Lastly, I think I am fed up with this myopic focus on the presidential primaries and elections. Studies show that voting turnout spikes in presidential election years. This lack of interest in who is in charge of representing us in our own town drives me civically whacko. Sure, I care if Social Security and Medicare are going to be around in 20 years, whether or not we are at war and the dozen or so other big ticket federal items that have an effect on my life. (However, I don’t care whether Obama removed a bust of Churchill from his office to make room for one of MLK or that Romney has made it part of campaign promises to return Winston to his rightful place – a bit of minutiae that apparently grabbed the electorate’s attention more than whether or not America interceded in the Libyan revolution.)
But the stuff that really hits home daily – town and state taxes, what is happening with our town’s sewage system underuse, road maintenance, school overcrowding, where the Narragansetts are proposing to put a casino this year, same-sex marriage, state pension bailouts, empty store fronts and buildings, who’s responsible for Studio 38 failure, and, as a friend of mine used to say, etc., etc., etc. – is decided by the people we elect to sit on our town and school councils, in our state General Assembly and as governor. Yet these are the elections that have the lower turnouts. According to figures posted on this site, 1,257 voters decided who the rest of East Greenwich's 10,691 voters get to vote for in November. Go figure.
At the end of the day, the whole voting song and dance took me less than 20 minutes from checking in to feeding in that new ballot form. (I know it’s not new anymore, but I hate it and miss the old Dr. Who lever voting booth; therefore, I will never call it anything but “new” – and yes, that is meant to be read with disparaging dismissal.) Sure, some of the selections I made felt like I was choosing between Tweedlebad and Tweedleworse.
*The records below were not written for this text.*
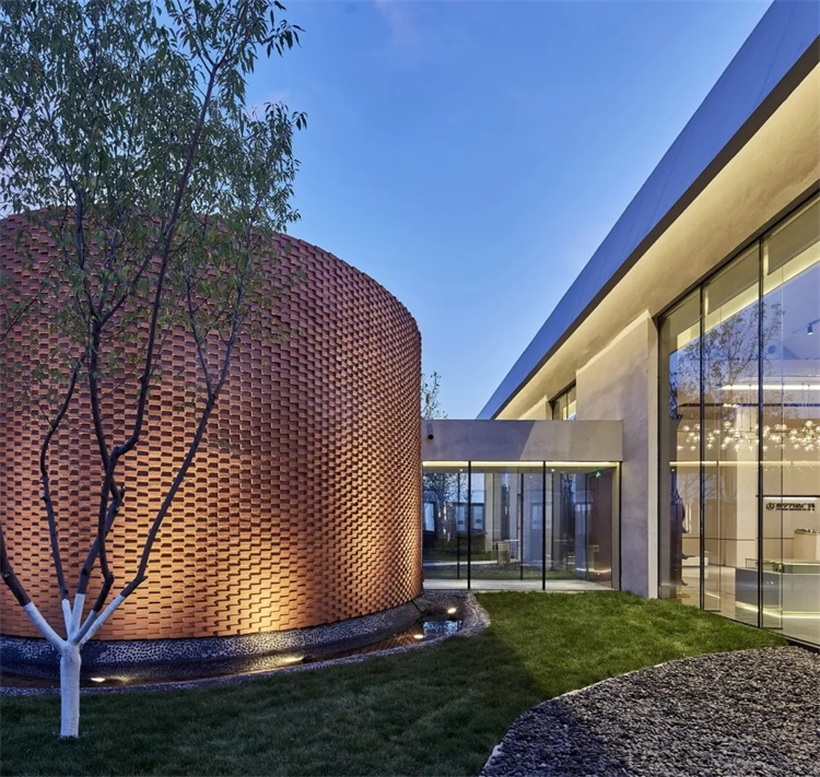 圆形的门洞被设置在南立面中心偏右,类似北方四合院的“照壁”位置,通过一条斜向的小径与外部环境产生连接。
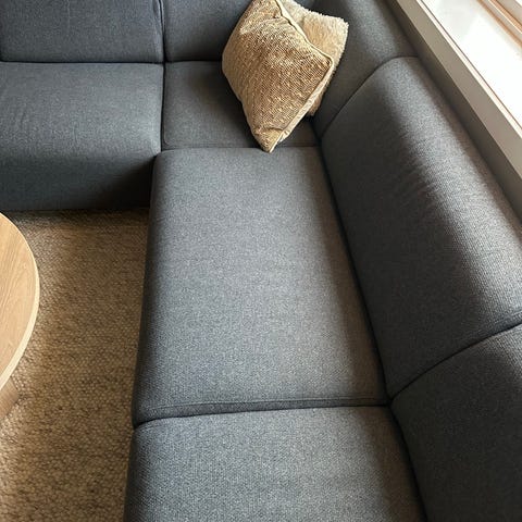 Veldig god å sitte i, enkel å holde ren og lett å style.
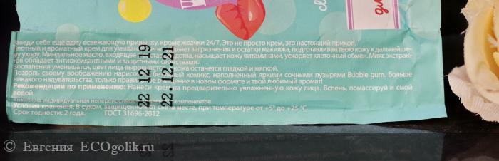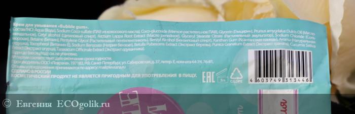 Я разобрала состав на сервисе Экоголика, все компоненты состава были найдены, однако из-за наличия отдушки неизвестного происхождения состав не был одобрен. Учитывая то, что запах у крема для умывания "Бабл гам", то есть жвачка, тут даже уточнять смысла нет - отдушка синтетического происхождения, это не смесь эфирных масел. Есть в этом минус - состав не на 100% экологичный, однако... ни одно эфирное масло не даст такой вкусной отдушки

But the fact is, I made the choice. And you know what? That gives me the right to complain – or (less likely) cheer the results of my choices over the next two years.
RANT: I was a big supporter when Pat McNiff petitioned to lease Boesch Farm - and I still am on the “Rah! Rah! Let’s have a neighborhood farm!" bandwagon. Cue Judy and Mickey – I am ready for a musical! But it would be nice to hear what is going on over there without having to go to Pat’s website – and basically read what is essentially an advertisement for his (admittedly delicious) produce and meat. The few times I have gone on the public access nature walk, it all looks nice but there is never anyone around to talk to or ask questions of or even say hello to.
Sure, I saw the blurb on the farm store and the Third Annual Grazing Night at Pascal’s.
But I had sorta hoped that there would be some – shall we say less pecuniary? – offerings on the table by now as well. I mean, eight bucks for a guided tour on what is essentially town property? Really? Yeah, I know, you can go over and wash eggs on a weekly basis and even process (euphemism for kill and pluck) turkeys for the farm. And then you can come to my house and do some weeding. The bottom line is that for all their unfortunate struggles, one thing you can say about the previous tenants of the farm is that they provided a series of free and reasonably priced workshops that appealed to all ages. I, for one, loved the fall fest, erratic as its scheduling was.
So c’mon, Pat – a lot of us went to bat for you to get what is essentially a pretty sweet tenancy deal. Now it’s time for you to be a good community neighbor – write a blog, offer some programs that don’t have an eau de free labor about them and really make the cornucopia (no Hunger Games imagery intended) of Boesch Farm a centerpiece of our town.